Wednesday, January 9, 2008

Single Table Inheritance in Rails

I've been experimenting with Single Table Inheritance or STI.
STI documentation is rather sparse, distributed, confusing and lacking so I hope to make some sense out of it.

The Wiki describes Single Table Inheritance like this:

Single Table Inheritance represents an inheritance hierarchy of classes as a single table that has columns for all the fields of the various classes.
Martin Fowler explains:
Relational databases don't support inheritance, so when mapping from objects to databases we have to consider how to represent our nice inheritance structures in relational tables. ... Single Table Inheritance maps all fields of all classes of an inheritance structure into a single table.
What this means, is that at the DB table level all records (objects) from all levels of the type hierarchy (classes) have all the fields (members) of all the other classes (and direct access to them). In other words, the table fields are the union of all the members of all the classes in the hierarchy (plus one special field called :type).
Due to this fact, obviously, two classes in the hierarchy cannot have two differently typed members with the same name.

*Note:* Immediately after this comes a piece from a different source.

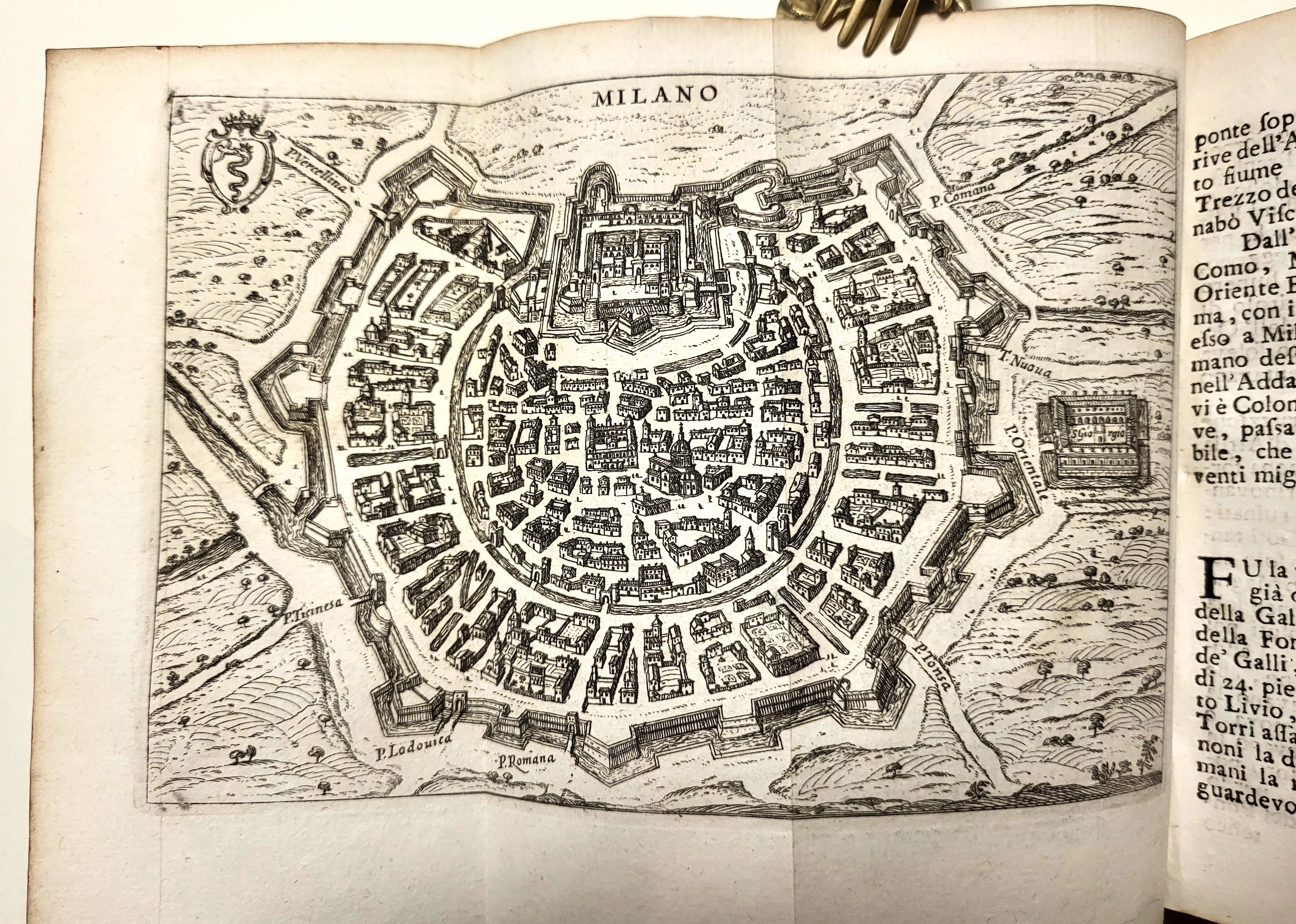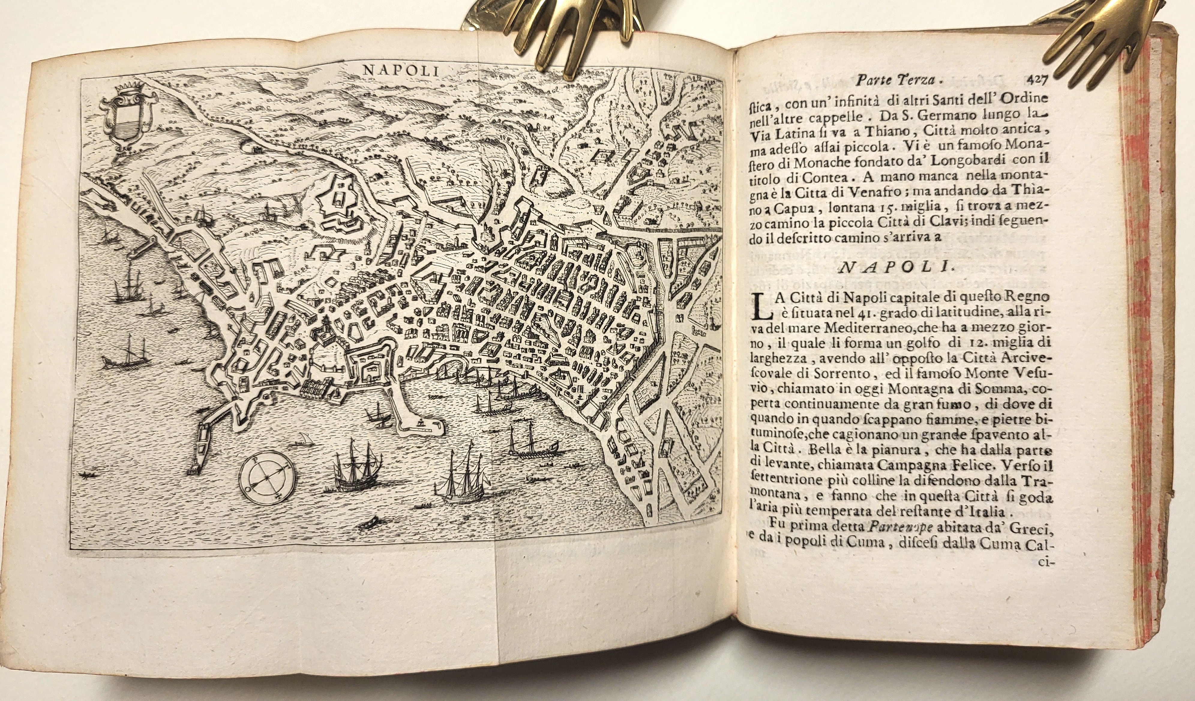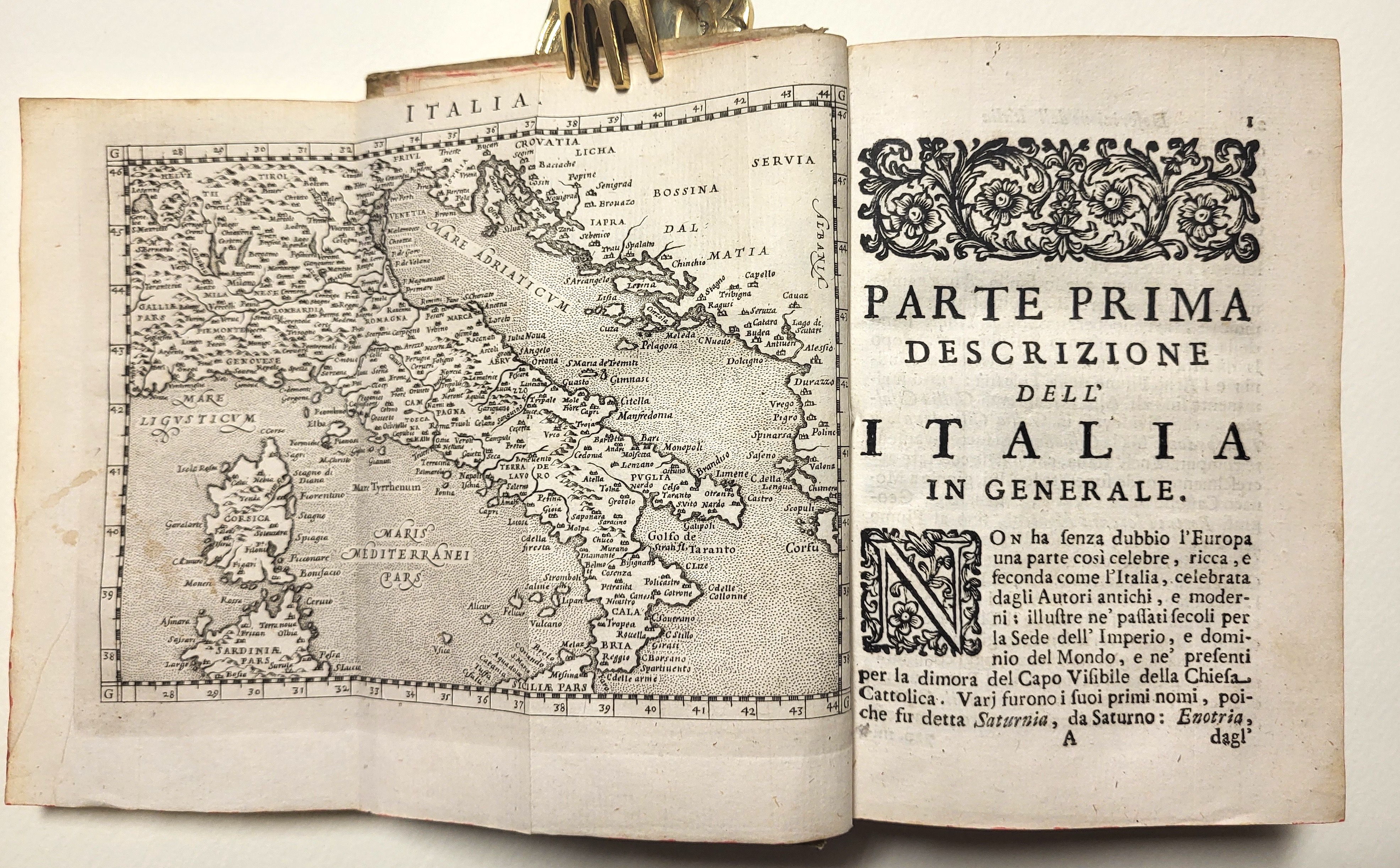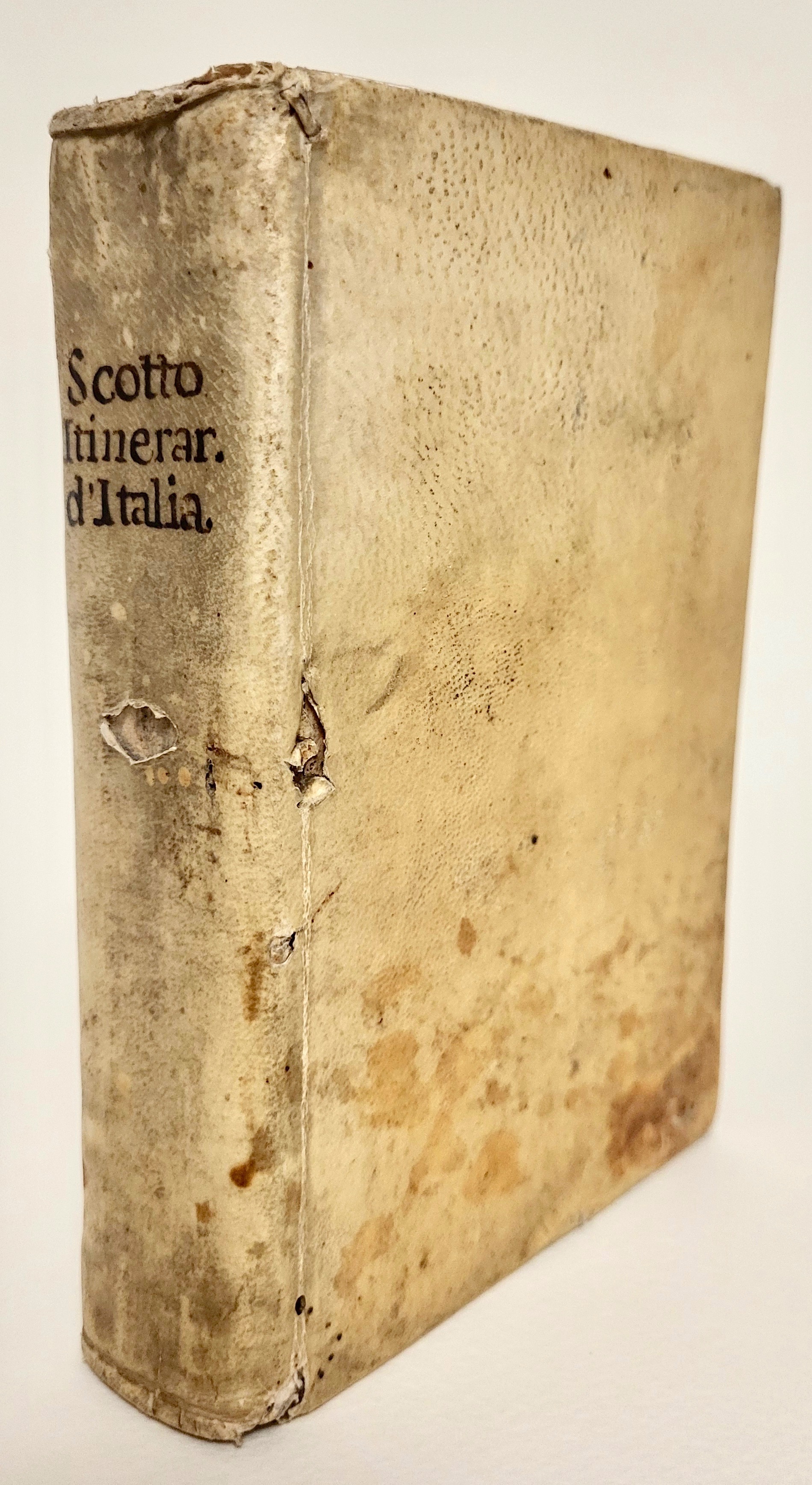 Buona edizione di una delle più note descrizioni geografico-storico-artistico della penisola, originariamente pubblicata in latino nel 1600 e poi tradotta nel 1615 in italiano. L’opera come asserisce nella prefazione “assolutamente priva di favole, o di falsità”, a detta del Marchese Maffei, risulta ricchissima di notizie curiose oltre che di descrizioni fedeli ai luoghi citati. La prima parte “Descrizione dell’Italia in generale”riguarda prevalentemente il nord Italia ma anche Toscana ed il centro Italia con relative tavole, la seconda parte “Viaggio di Francia a Roma” è un itinerario da Chambery a Roma, la terza parte è “Descrizione di Roma, Napoli e Sicilia”. Alla fine vi è “Notizia distintiva delle poste che si riscontrano in diversi viaggi principali d’Italia”.

Interestingly enough, this kind of inheritance actually goes against some of OOP's main tennets such as, data decoupling, data encapsulation/hiding, access control and separation of concerns.

These issues notwithstanding, STI can still be useful.

To build your hierarchy, say by sub-classing from Person, generate a migration script:
>>ruby script/generate migration AddColumnsForPersonHierarchy
then in the resulting migration file add all the additional columns you need for any or all the classes of your hierarchy. Additionally, add the special string column, conventionally called :type. Rails will automatically fill :type with the actual class name.

Then, add your class models by giving each class a separate file, e.g. create a new file app/models/employee.rb:
class Employee < Person 
validates_presence_of :department
end
You could do it all in one model file, as shown in various example on the web, (e.g. in app/models/person.rb) but that creates lookup problems for Rails, so that Employee will not be found before Person is first used.

For improving class data consistency we can, inside our class models, validates_presence_of any fields that are relevant just for this class, as shown in the example above. Other classes can accept nil.

In the next post in this series I will explore the how to add controllers to our STI hierarchy. I will also investigate how far Rails can allow true polymorphism with STI.

If you found this post helpful, please leave a message in the comments. If you want to read more about my exploration of polymorphism and STI on Rails, subscribe to the blog feed and you won't miss a thing.

4 comments:

Andy said...

Thanks for your STI example and links. After reading a few posts now, I get STI, but it still doesn't seem "right." I guess the bigger issue of course is the whole idea of ORM.

A.S. said...

I agree, Andy. ORM makes STI rather weak on the data hiding side. Another issue is how the MVC pattern fits in with that. My post about which view gets dispatched (polymorphically) also raises the issue that the controllers should also have a corresponding hierarchy. That this stuff is not automatically supported goes to show that this is not a big issue for the RoR developers.

Unknown said...

Nice! Thanks for the write up.

Unknown said...

Thanks for the example. Unfortunately, I saw it *after* I spent two hours figuring out that I needed to refer to the parent class in order for the child classes to be recognized (had them all defined in the same file). Still trying to figure out why instances of the parent class have an empty type field.